Perfectly balanced Indian food: an overview

Indian Food

India’s cuisine is as rich and diverse as her culture. But despite this diversity, there is one underlying unity -- and that is the fact that all Indian food is perfectly balanced.

Now for a closer look at the historic and regional influences that have marked “India” a gourmet’s delight, in the map of the world.

Pre Independence

Pre-Independence, India consisted of large areas of land directly ruled by the British, as well as about 600 semi-independent kingdoms ruled over by Hindu Maharajas and Muslim Nawabs, under British supervision.


With Independence, the princely independent kingdoms were coaxed into merging with India. Each area with a distinct language and culture was given its own state. These separate cultures have their unique traditions that go back thousands of years. This is true of the foods and eating customs which differ from state to state.

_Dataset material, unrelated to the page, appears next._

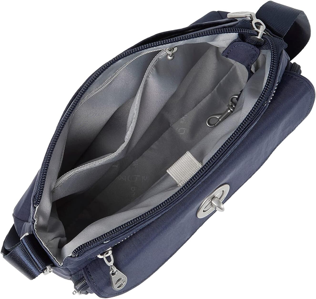 Сумка через плечо Baggallini Calais придаст вашему повседневному образу функциональность и шикарный стиль благодаря водостойкой ткани с принтом, плоскому регулируемому ремню через плечо и множеству организационных карманов.

The flavors and tastes of India

Given India’s cultural, religious, ethnic, geographic and climatic diversity, it is impossible to describe Indian food under a single catch-all title. The British, in an overly simplified attempt, call all Indian food curry. But Indian food defies definition. The gracious art of hospitality coupled with the many tastes and flavors of India, definitely need to be experienced and savored.

Climatic variations

Appetite and digestive functions are directly related to climatic conditions.
The body bases its needs on environmental variations.

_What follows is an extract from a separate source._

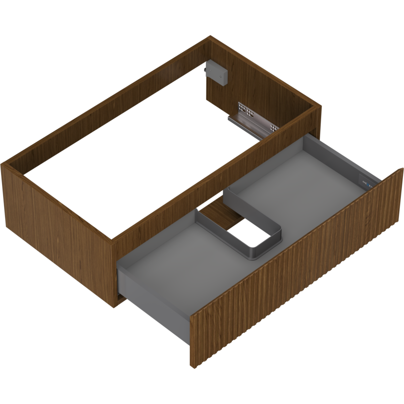 Skuffen har innebygd funksjon for myk og stille lukking (myk lukking), som øker komforten i hverdagen og reduserer slitasje på beslag og fronter. Overflaten på både korpus og front er belagt med PVC-folie som er motstandsdyktig mot UV-stråler, slik at servantskap i valnøtt beholder fargen og ikke falmer over tid, selv i lyse baderom. Materialvalget gjør dette til et robust servantskap til bad med lang levetid.

In the cooler parts of India, the body requires more heat, so heavier foods are required to fulfill this need. This is seen in regions such as Punjab and Uttar Pradesh, where the emphasis is on using substantial foods like ghee, paneer, rajma and wheat.

On the other hand, warmer and tropical climates of southern regions, such as Kerala, require lighter and easily digestible foods. This is why foods such as idlis, dosas, steamed rice and fish are popular. Most foods here are steamed and lightly cooked.

The western and eastern parts of India rely on local produces such as bajra, jawar, fish and coconuts from the coastal regions, to supply them with their nutritional requirements.
Isn’t it simply amazing to observe nature working in tandem with climatic conditions, producing foods based on the body’s requirements and providing just the right solutions to our nutritional needs!


There are about 25 commonly used spices in Indian cooking. The essence of Indian cooking revolves around the use of spices. Spices act as both appetizers and digestives. These may be ground, roasted or made into a paste. The skill lies in the subtle blending of a variety of spices to enhance and add wonderful aromas and exotic flavors to the food.


All Indian food is served with either rice or bread or both. In the north, it is whole wheat breads, such as chapatti, parathas, rotis that are commonly eaten, and in the south it is plain rice and rice-based cereals. Western and Eastern India draw a mix of both.


Tea is the symbol of Indian hospitality. One could easily call it the national beverage of India. Often spices such as pepper, cardamom, ginger, saffron, cinnamon and fresh mint leaves are added to enhance the flavor of tea. These spices have therapeutic benefits, for example, ginger and mint help digestion.